Admittedly, this discernment, insofar as it is to grasp the ἀρχή, must leave λόγος behind. It has to be ἄνευ λόγου in order to have the possibility of grasping an ἀδιαίρετον. The character of λέγειν is indeed to speak of something as something. But what is utterly simple, ἀπλοῦν, is what can no longer be spoken of as something else. Everything ἔσχατον and everything πρῶτον can be grasped properly only if the νοεῖν is not a διανοεῖν but a pure onlooking. Here the disclosure in the mode of the carrying out of λόγος fails and recedes.
That λόγος can recede here is a fact grounded in λόγος itself. For λόγος as λόγος, according to its very sense, is not already ordered toward ἀληθεύειν, toward the disclosure of beings, toward truth. Speaking as such does not primarily have the meaning of ἀποφαίνεσθαι, letting beings be seen. On the contrary, only a quite specific λόγος is λόγος ἀποφαντικός. This fundamental state of affairs must be kept in mind in order to understand the basic sense we have to make out of the Greek concept of truth.
b) Λόγος and ἀλήθεια.
a) Λόγος σημαντικός (speech) and λόγος ἀποφαντικός
("judgment") (De Int., chapter 4; De An. II, 8).

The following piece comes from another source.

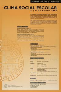Conferencias y talleres: clima social escolar 5 y 6 de enero 2000. [estampa] : Santiago, Chile : Pontificia Universidad Católica de Chile, Escuela de Psicología, 2000. 1 cartel (afiche) : color ; 60 x 40 cm. .

Hence it is not intrinsic to λόγος to be true, to uncover beings, ἀληθεύειν. Not every λόγος is ἀποφαντικός. But indeed every λόγος is ἀποφαντικός. Aristotle treats this in De Interpretatione, chapter 4: ἔστι δὲ λόγος ἅπας μὲν σημαντικός,... ἀποφαντικὸς δὲ οὐ πᾶς, ἀλλ' ἐν ᾧ τὸ ἀληθεύειν ἢ ψεύδεσθαι ὑπάρχει (16b33ff.). All speech is as speech σημαντική; σημαίνειν means "to signify." Thus all speech means something, it is understandable. All speech has in itself a ἑρμηνεία, a comprehensibility, as Aristotle shows in the De Anima.5 But to mean something in this way and at the same time to let the thing meant show itself in this meaning, ἀποφαίνεσθαι—that does not occur in all speech. On the contrary, speaking, which is in its very sense σημαντική, becomes ἀποφαντική, only if there is present in it either a disclosing, ἀληθεύειν, or a distorting, ψεύδεσθαι. For not only to disclose but also to distort is to let be seen, even if disclosing is the proper letting be seen. Hence not all speech contains either ἀληθεύειν or ψεύδεσθαι. Therefore speech, in its very sense, is at first neither true nor false. οὐκ ἐν ἅπασι δὲ ὑπαρχει, οἷον ἡ εὐχὴ λόγος μέν, ἀλλ' οὔτ' ἀληθὴς οὔτε ψευδής (17a3f.). A request, e.g., is neither true nor false. This must be understood in the Greek sense: a request, as a request, does not at first have the sense of letting be seen that which is requested.
4. Nic. Eth. VI, 6, 1140b31ff. Cf. p. 40.
5. De An. II, 8, 420b5ff. Cf. p. 12f.